Entre viver e sobreviver um longo caminho os separa.
Entende-se por viver desejar viver. Um desejo de ser, apesar de tudo. Já sobreviver é opor uma resistência, qual seja, efetuar um trabalho para permanecer, apesar de todos os obstáculos. Nietzche dizia- “viver é reanimar qualquer coisa que quer morrer”.
Já eu acrescento: sobreviver é estar vivo nesse mundo e se manter vivo embora as circunstâncias sejam adversas. Quando o salário pago mal nos permite chegar ao meio do mês. E as contas extrapolam em muito nosso ganho. As diferenças sociais nos revoltam. Onde nas cidades pessoas dormem ao relento. Provocando dentro de mim um enorme desalento. E continuo a não entender o porquê de tantos porqueres. Por que razão as redes sociais escancaram suas portas a pessoas que se dizem influenciadores digitais se nem ao menos sabem digitar muito menos escrever. E só mostram traseiros empinados. Nádegas falsas recheadas de silicone de procedência questionável. E nada têm a acrescentar já que apenas falsidades ensejam em suas postagens que me cheiram a odor nauseabundo de esgoto pútrido e fedido.
Ele sim é um sobrevivente.
Eu o conheci em tempos recentes.
Era um dia quente como hoje nasceu. Quem olhasse o sol por certo teria de usar tapa olhos. Uma luz cegante decerto iria ofuscar-lhe a retina.
Trabalhar a luz do dia era uma temeridade.
Mas Pedro, era esse o seu nome, desempregado desde sempre. Batendo em portas fechadas. Por não ter formação adequada era via de regra recusado. E sempre alguém a ele dizia: “volte noutro dia”.
E ele voltava corajoso e estóico que sempre foi.

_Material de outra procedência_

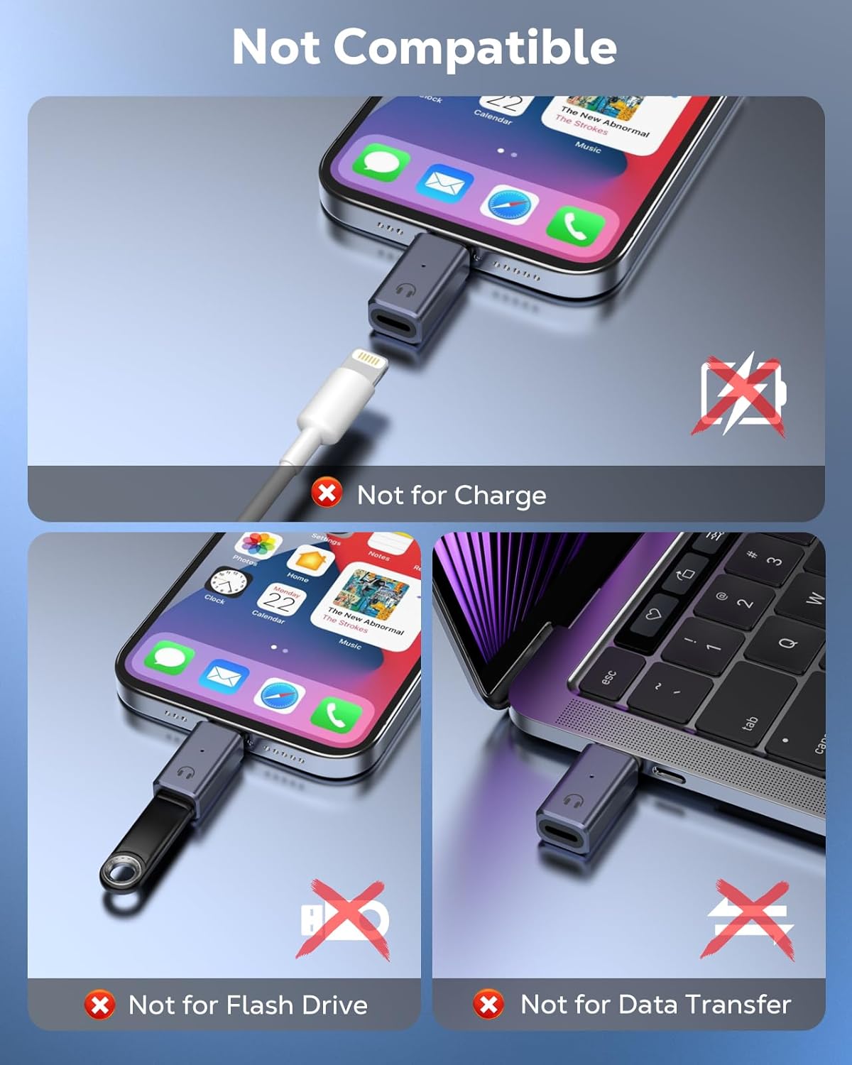 𝐊𝐢𝐧𝐝𝐥𝐲 𝐍𝐨𝐭𝐞 𝐁𝐞𝐟𝐨𝐫𝐞 𝐏𝐮𝐫𝐜𝐡𝐚𝐬𝐞: 𝐓𝐡𝐢𝐬 𝐚𝐝𝐚𝐩𝐭𝐞𝐫 𝐢𝐬 𝐧𝐨𝐭 𝐜𝐨𝐦𝐩𝐚𝐭𝐢𝐛𝐥𝐞 𝐰𝐢𝐭𝐡 𝐥𝐚𝐯𝐚𝐥𝐢𝐞𝐫 𝐦𝐢𝐜𝐫𝐨𝐩𝐡𝐨𝐧𝐞𝐬, 𝐞𝐱𝐭𝐞𝐫𝐧𝐚𝐥 𝐬𝐩𝐞𝐚𝐤𝐞𝐫𝐬, 𝐬𝐭𝐞𝐫𝐞𝐨𝐬, 𝐰𝐢𝐫𝐞𝐝 𝐦𝐢𝐜𝐫𝐨𝐩𝐡𝐨𝐧𝐞𝐬, 𝐚𝐧𝐝 𝐒𝐞𝐧𝐧𝐡𝐞𝐢𝐬𝐞𝐫 𝐡𝐞𝐚𝐝𝐩𝐡𝐨𝐧𝐞𝐬. We don’t recommend using it with too thick phone cases, it may affect the connection stability.

E mais uma vez Pedro não conseguia colocação. Por sorte sua família de muitas bocas havia ficado no distante Nordeste. A espera de um dia reencontrá-lo já com a vida feita. Bem empregado numa firma qualquer. Morando numa casa confortável. Não num barraco no alto de um morro onde tiros ecoavam na calada da noite. Deixando no seu rastro corpos sem vida resultado de uma vida desregrada a que estavam acostumados.
E avizinhava-se o final de ano. A proximidade do Natal fazia os olhos de Pedro encherem-se de lágrimas. E ele chorava a deixar uma enxurrada de águas salinas descerem pela sua face crispada de emoção.

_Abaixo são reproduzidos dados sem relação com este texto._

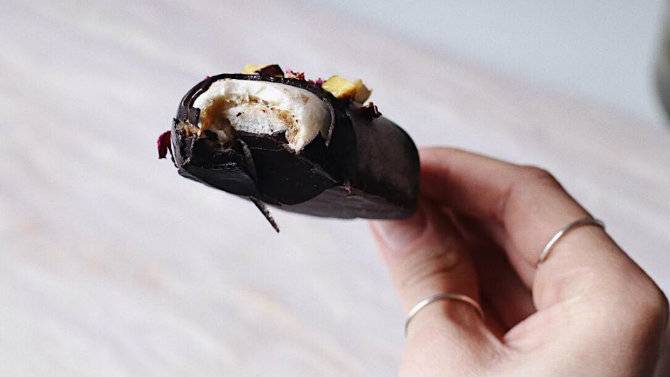 Також це морозиво припаде до душі тим, хто любить красиві та незвичайні десерти: пломбір на паличці прикрашають колотими горіхами, пелюстками квітів і мигдальними пластівцями. Це дуже красиво і просто ідеально для Інстаграма.
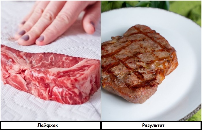 Перед тем, как отправлять мясо или птицу на сковороду, обязательно обсушите его бумажным полотенцем. Благодаря такому простому действию вы избавитесь от лишней влаги и мясо будет действительно жариться.
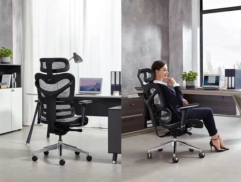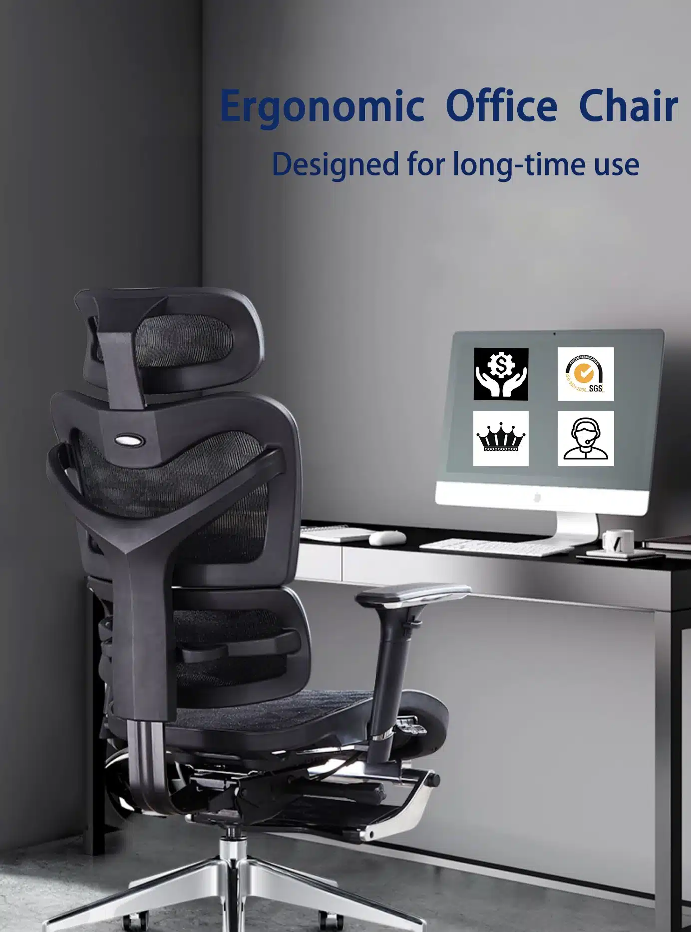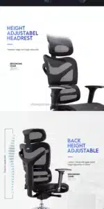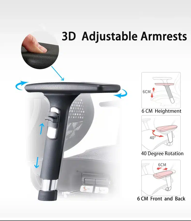 Cette chaise exécutive a été pensée pour offrir un soutien optimal sur tous les points de pression : lombaires, épaules, bras. Son dossier haut permet un bon appui du dos et limite les douleurs liées à la sédentarité prolongée. Le rembourrage est ferme mais confortable, la maille respirante évite la chaleur excessive et les accoudoirs 3D s’ajustent en hauteur, profondeur et orientation. Elle pivote à 360°, se déplace facilement grâce à ses roulettes de 60 mm, et se monte rapidement. Que ce soit pour le travail intensif, les visioconférences ou la concentration prolongée, cette chaise vous aide à rester bien assis, concentré, et à l’aise.
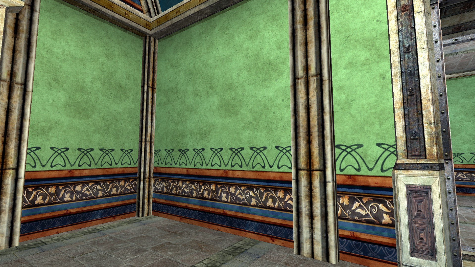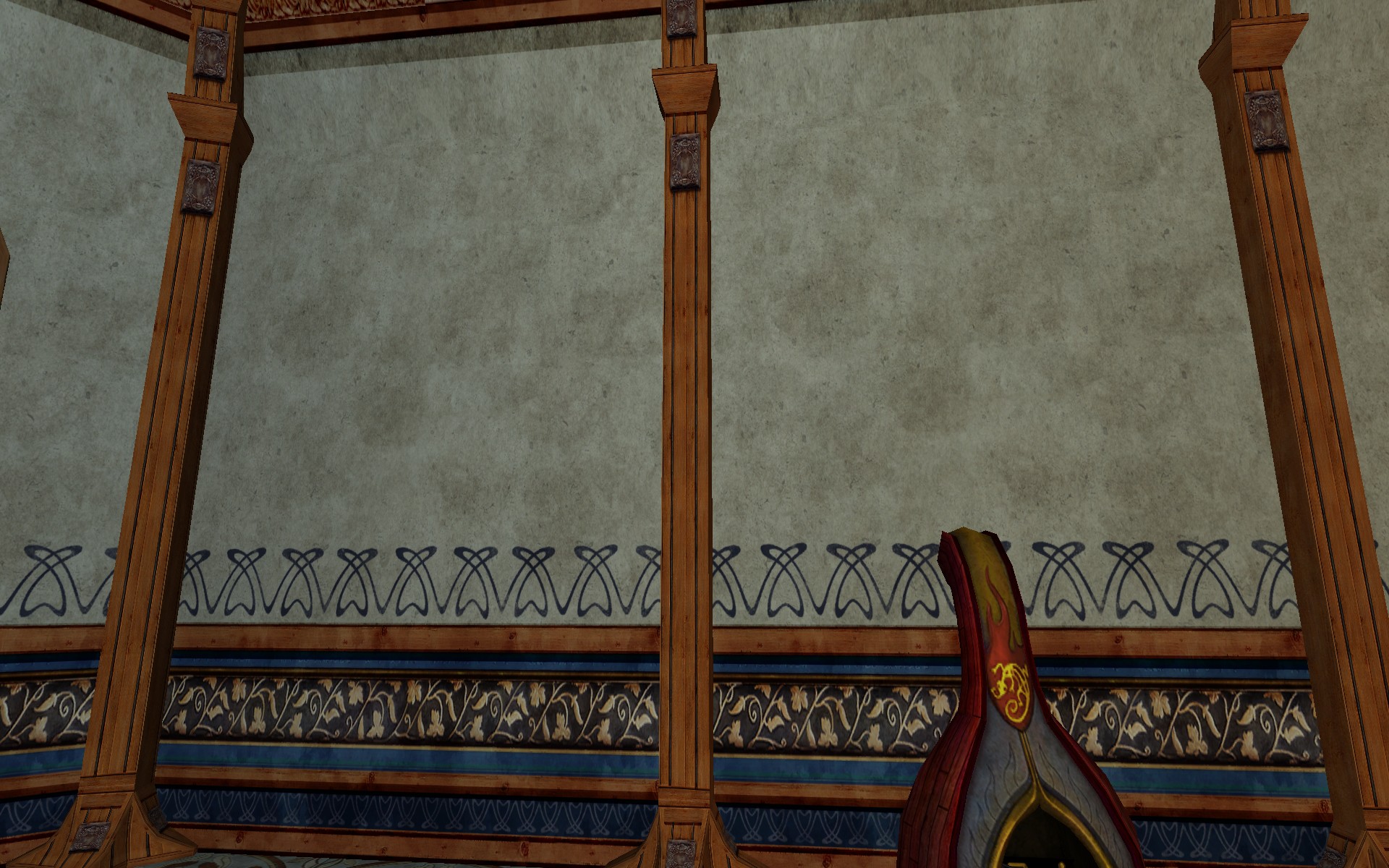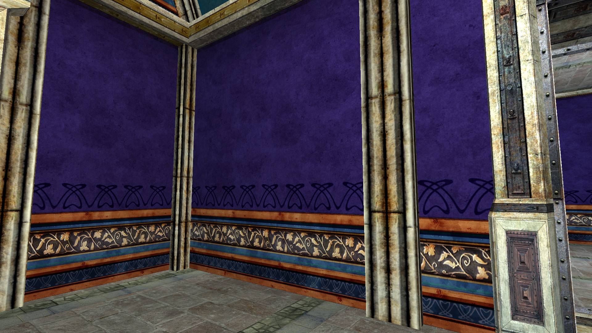 "An Elven leaf plaster wall. This is the default wall pattern for houses in the Duillond Homesteads."

O desalento tomava conta de Pedro.
Ainda bem jovem deixou sua cidadezinha natal em busca de melhores dias.
Só que em São Paulo encontrou desilusão.
Aquela cidade grande o recebeu como muitos oriundos do mesmo Nordeste. Pedro não veio num pau de arara e sim numa leva de nordestinos a procura de ocupação.
Uma semana se foi. Outras seguiram o mesmo caminho.
Nada de Pedro conseguir trabalho. Os tostões furados que trouxe lá de longe foram terminando. Pedro passava fome.
Acabou morando debaixo de um viaduto. Sua cama e sua casa se resumiam em um velho colchão surrado e uma lona que a ele servia de telhado quando chovia.
A vizinhança não era nada recomendável. Usuários de drogas o atormentavam durante a noite. De vez em quando, durante uma batida da polícia, Pedro era preso. E passava dias enjaulado como bandido que nunca foi.
E a vida daquele homem bom nunca passou daquilo que o presente a ele presenteou. Sem emprego. Sem ocupação definida Pedro passou a esmolar.
Naquela sexta-feira, no cair de uma tarde, quase fechando os olhos, meio de dezembro, deparei-me com ele à porta de uma loja.
Pedro me pareceu faminto. Olhos encovados por uma olheira profunda. Mãos estendidas ensejando piedade de todos nós.
Acabei parando um naco de minutos. Dei-lhe uma nota de vinte reais. Que ele agradeceu calorosamente com os olhos cheios d’água.
Foi quando me veio às idéias a palavra sobrevivente. Entre a vida que Pedro levava e viver dignamente existe uma fosso profundo. Um divisor de águas muito além desse mundo tão desigual.
Ele sim. Poderia dizer- não vivo. Sobrevivo.